Linford Molaodi, lecturer and program manager of the creative coding project at University of Johannesburg in South Africa, appreciates how OctoStudio is designed with images, sounds, and examples that connect with the interests and experiences of young people from different cultures. “It’s important for children to be able to create projects that are meaningful and relatable to them, and that reflect their neighborhoods and surroundings,” he says.

As young people create with OctoStudio, the world is their palette, full of creative possibilities. They can take photos and record sounds, bring them to life with coding blocks, and send their projects to family and friends. Using the phone’s sensors, they can create projects such as musical instruments that play sounds when they jump, games that react to the tilt of the phone, or collaborative projects that use Bluetooth to beam signals between phones.  

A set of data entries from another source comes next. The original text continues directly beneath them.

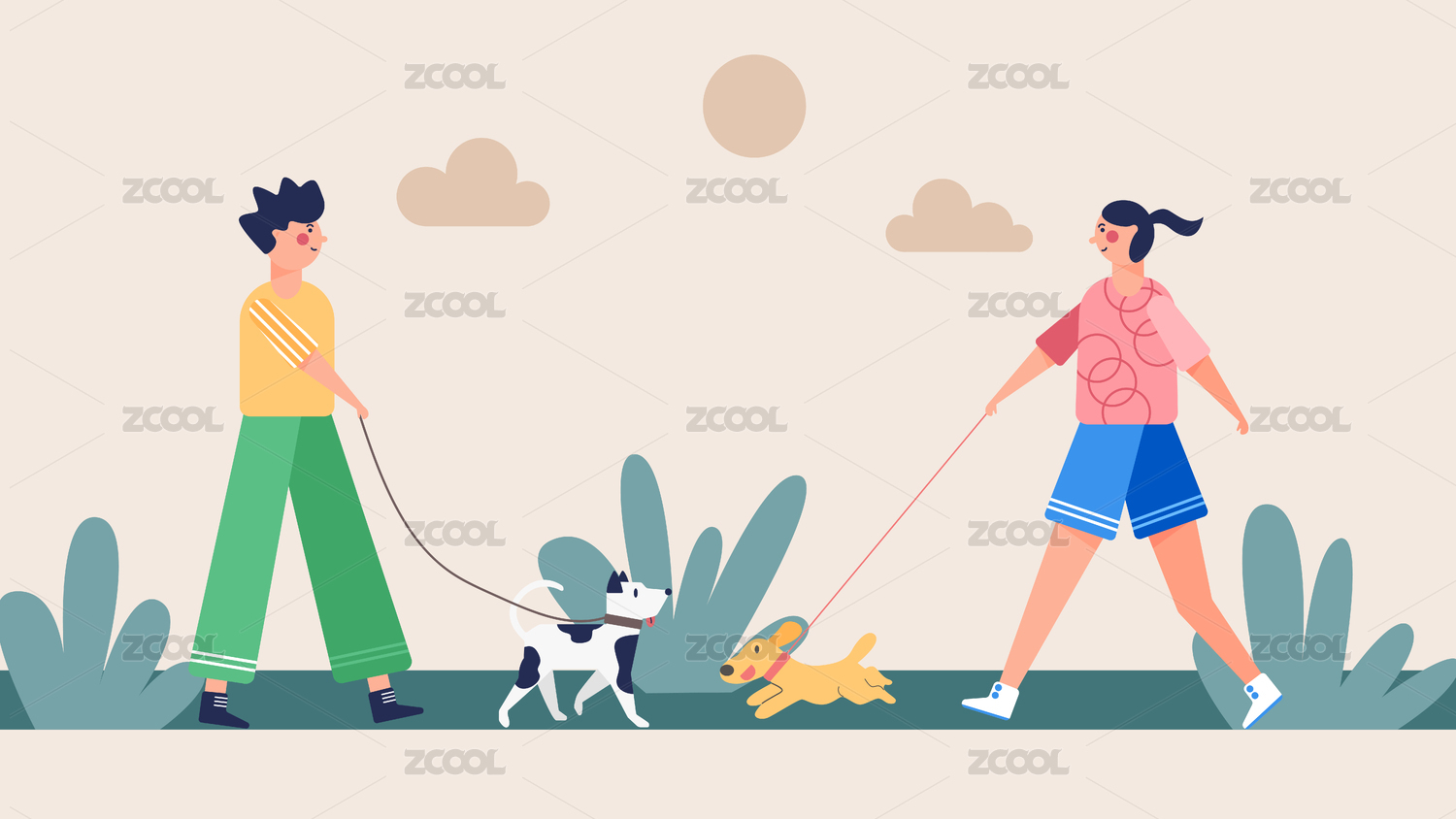 户外遛狗萌宠扁平矢量人物动物
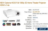 ??? 泡泡網(wǎng)投影機(jī)頻道8月12日 自全高清家用3D投影機(jī)發(fā)布以來,其高達(dá)35000元以上的價格,讓無數(shù)影音玩家望而卻步。不過,最近有好消息傳來,今年6月曝光的奧圖碼全高清家用3D投影機(jī)HD33或?qū)⑾略略趪鴥?nèi)市場發(fā)布,參考國外市場的定價,國內(nèi)售價有望闖入20000元關(guān)卡。 ??? 奧圖碼HD33采用德州儀器DLP DarkChip2 DMD芯片,具備1080p分辨率、1800流明亮度與400
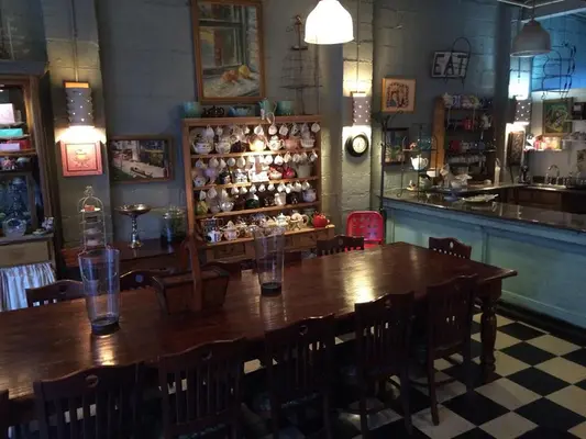 “The “charming”, “cozy” spot (decked out with an “eclectic” collection of tea pots befitting its “wonderful” high tea) also offers an array of light fare, making it an overall “treat.””
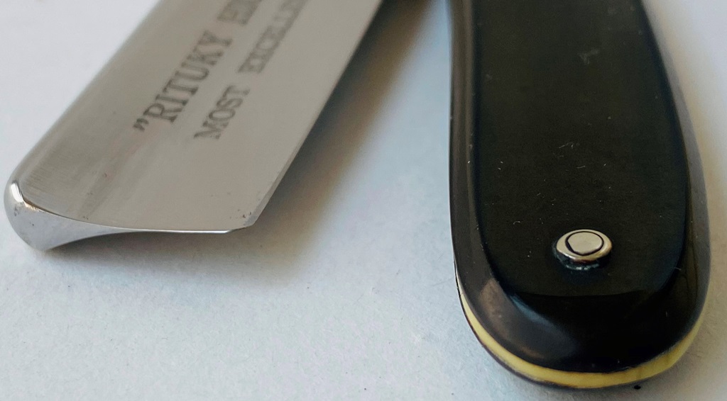 Ширина полотна-17.0 мм. Толщина обушка-4.3 мм. Длина РК-65.0 мм. Форма лезвия ближе к полу-клину. Углеродистая сталь. Барберский вырез. Скорее всего бритва первой половины прошлого века. Компактная и удобная во всех отношениях Ракушка, с прекрасной древней патиной на клинке,которую рука не поднялась вычищать.Поэтому только немного освежил металл полиролью и все.Оставил небольшую и аккуратную утОчку обушка,как дань преклонному возрасту бритвы.К тому же клинок имеет идеальную геометрию:кромочка равномерна по всей длине.Ручка сохранилась прекрасно. Немного полирнул ее тоже,после чего она снова заиграла прежними красками.. . Новые двух-цветные втулки и внутренние шайбы. В итоге получилась отличная Ракушка,совершенно недорогая, но с отличной сталью и,думаю,что в бритье тоже не должна разочаровать.. Да и просто красивая,старинная бритва, так что не пропустите! Заточена и готова к бритью. Цена-6550 р с доставкой.color=#FF0000]ПРОДАН [/color] Spoiler Show Spoiler Show
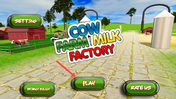 2、游戏开始界面,点击【箭头】所指的【PLAY】按钮,正式开启《COWFARMMILKFACTORY》游戏之旅。

“When the students start to use OctoStudio in the classroom, they become engaged in playful exploration and creative learning,” says João Adriano Freitas, a creative coding specialist with the Brazilian Creative Learning Network. “Kids start creating, experimenting, collaborating, and sharing ideas with one another.”

At OctoStudio workshops in public libraries in Tacoma, Washington, MIT researcher Jaleesa Trapp saw a similar spirit among children and their parents: “The families were so enthusiastic. Some of the parents shared their children’s projects with family and friends. The parents were so excited to show what their children were able to create with code — and that’s huge, to get parents on board.”

OctoStudio is now available for free in app stores for both iOS and Android, and includes translations in more than 20 languages. OctoStudio does not collect any personal data, and does not track people who use it in any way.

More than a dozen people in the Lifelong Kindergarten group are now working on OctoStudio. The group continues to add new features, resources, and translations based on its ongoing collaboration with educators around the world. Key collaborators include Brazilian Creative Learning Network, the Tinkering Studio at the Exploratorium, Future Lab, Cruzando Foundation, Pratham Shah PraDigi Centre, and the Creative Communities group at University of Colorado Boulder. Financial support for OctoStudio comes from the LEGO Foundation, Smilegate Foundation, Little BlueBridge Foundation, National Science Foundation, and the MIT Media Lab.